## WHAT TO DO
Everything in the records must be copied exactly, apart from the pictures.

## RECORDS SUPPLIED

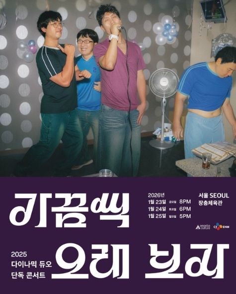 2025 다이나믹 듀오 단독 콘서트 '가끔씩 오래 보자'는 오는 12월 20, 21일 부산 벡스코 오디토리움, 24일 대구 엑스코 동관 4홀, 27일 광주 김대중컨벤션센터 다목적홀, 내년 1월 23, 24, 25일 서울 장충체육관에서 개최된다.
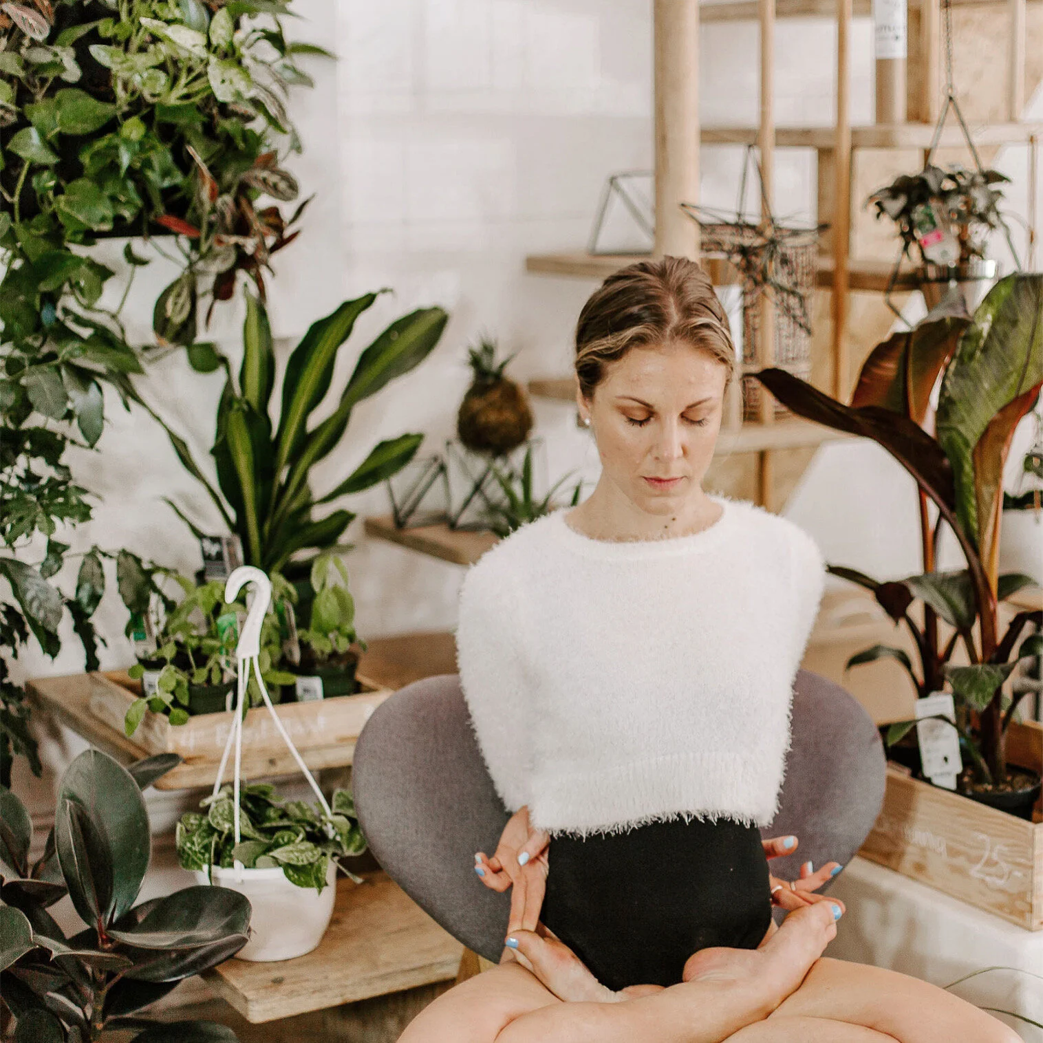 Sit up tall with your sit bones grounded (option to sit on a cushion if you prefer).
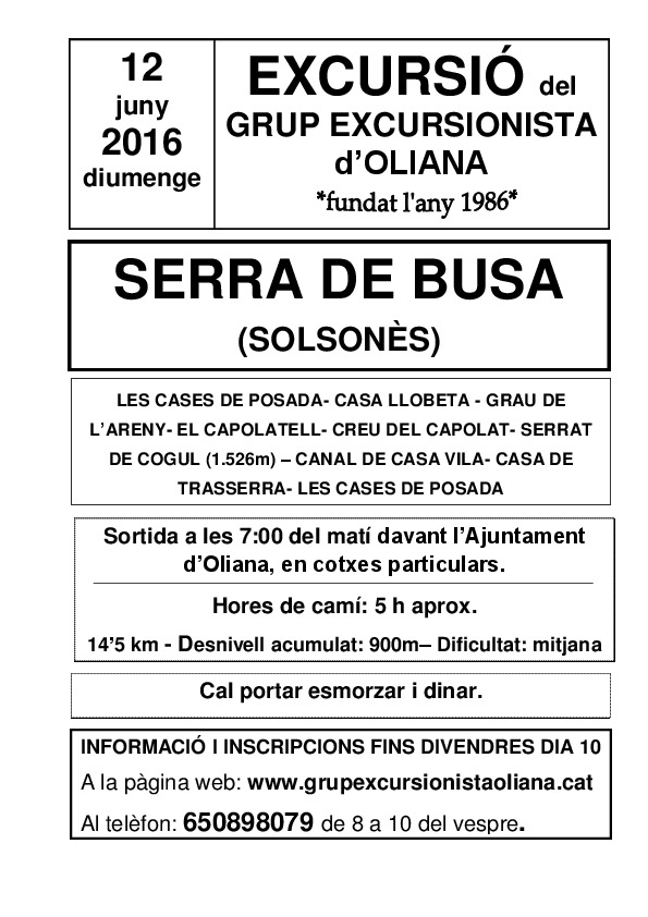 Sortida el 12 de juny de 2016 a les 7:00h des d'
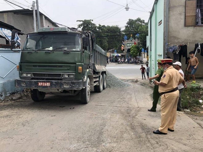 Cùng thời gian trên, tổ công tác đặc biệt của Phòng CSGT Công an tỉnh Đồng Nai tuần tra trên tuyến quốc lộ 1K. Tại đây, tổ công tác phát hiện xe ben biển số đỏ KP-2630 có nhiều dấu hiệu bất thường, chở đá quá tải nên nên yêu cầu dừng xe kiểm tra.
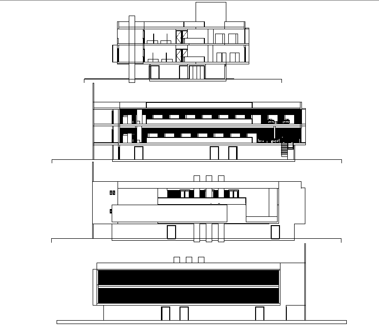 Elevation exhibition museum plan detail dwg file, with front elevation detail, right elevation detail, left elevation detail, back elevation detail, etc.
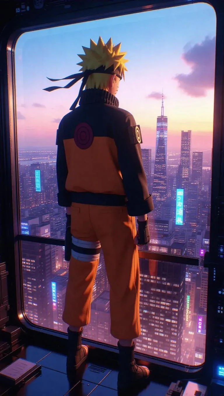 Naruto, dressed in a futuristic combat suit with his signature spiky blonde hair, stands confidently at the window of a high-tech lab. He overlooks a sprawling cityscape at dusk, where holographic advertisements glow, creating a sci-fi and innovative scene. The room is bathed in the cool light of technology, with neon reflections enhancing Naruto's determined expression. The style is a blend of realism and cyberpunk aesthetics, emphasizing the clash between his traditional training and modern advancements.
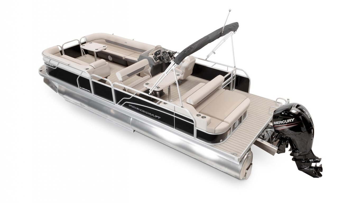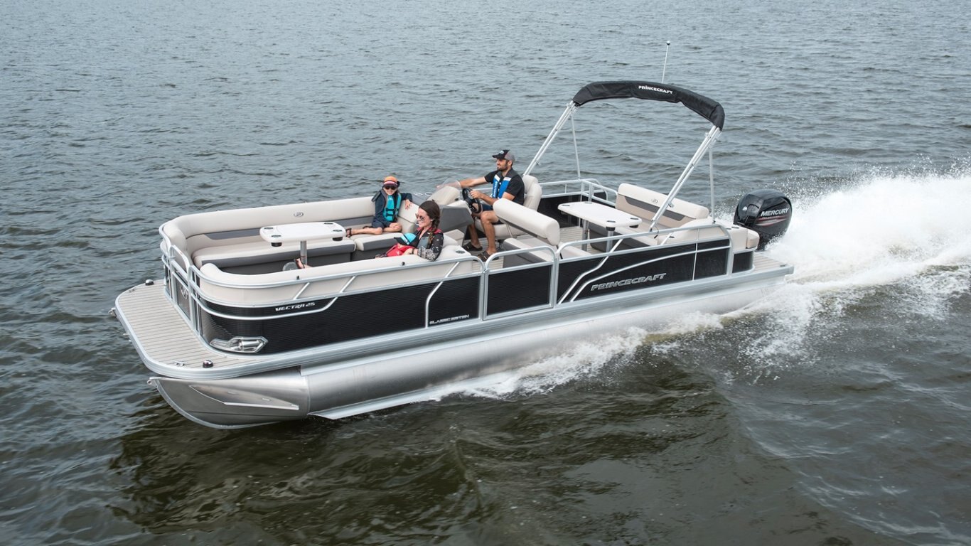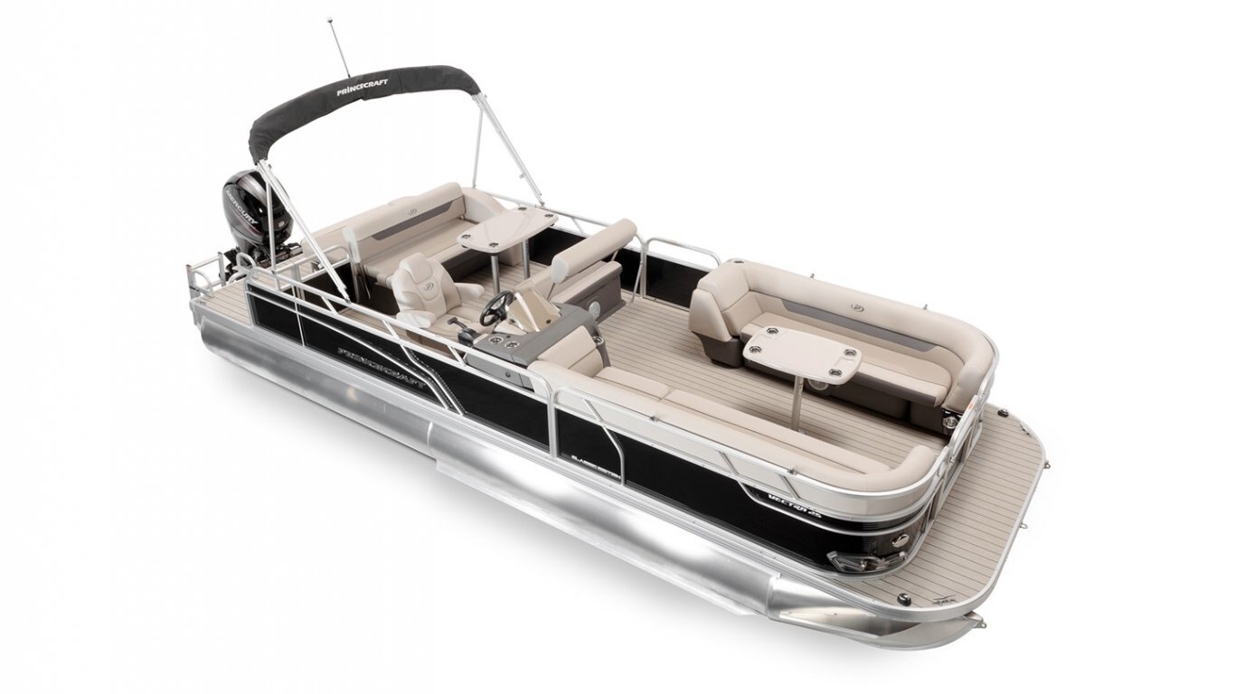If you are looking for a top quality, affordable pontoon boat, with a lot of space to accommodate up to 12 people and that will let you practice all your favorite water sports, look no further than this Vectra 25 RL. With chaise lounges, a large sundeck, a radio, a 12 volt outlet, a swim platform, a large table and captain passenger seat, and much more, you will appreciate the simplicity and practicality of this. This 25’-8’’ pontoon boat can accommodate an engine ranging from 40 to 115 HP, even 200 HP with the optional Sport Configuration.

## REPLY
 2025 다이나믹 듀오 단독 콘서트 '가끔씩 오래 보자'는 오는 12월 20, 21일 부산 벡스코 오디토리움, 24일 대구 엑스코 동관 4홀, 27일 광주 김대중컨벤션센터 다목적홀, 내년 1월 23, 24, 25일 서울 장충체육관에서 개최된다.
 Sit up tall with your sit bones grounded (option to sit on a cushion if you prefer).
 Sortida el 12 de juny de 2016 a les 7:00h des d'
 Cùng thời gian trên, tổ công tác đặc biệt của Phòng CSGT Công an tỉnh Đồng Nai tuần tra trên tuyến quốc lộ 1K. Tại đây, tổ công tác phát hiện xe ben biển số đỏ KP-2630 có nhiều dấu hiệu bất thường, chở đá quá tải nên nên yêu cầu dừng xe kiểm tra.
 Elevation exhibition museum plan detail dwg file, with front elevation detail, right elevation detail, left elevation detail, back elevation detail, etc.
 Naruto, dressed in a futuristic combat suit with his signature spiky blonde hair, stands confidently at the window of a high-tech lab. He overlooks a sprawling cityscape at dusk, where holographic advertisements glow, creating a sci-fi and innovative scene. The room is bathed in the cool light of technology, with neon reflections enhancing Naruto's determined expression. The style is a blend of realism and cyberpunk aesthetics, emphasizing the clash between his traditional training and modern advancements.
If you are looking for a top quality, affordable pontoon boat, with a lot of space to accommodate up to 12 people and that will let you practice all your favorite water sports, look no further than this Vectra 25 RL. With chaise lounges, a large sundeck, a radio, a 12 volt outlet, a swim platform, a large table and captain passenger seat, and much more, you will appreciate the simplicity and practicality of this. This 25’-8’’ pontoon boat can accommodate an engine ranging from 40 to 115 HP, even 200 HP with the optional Sport Configuration.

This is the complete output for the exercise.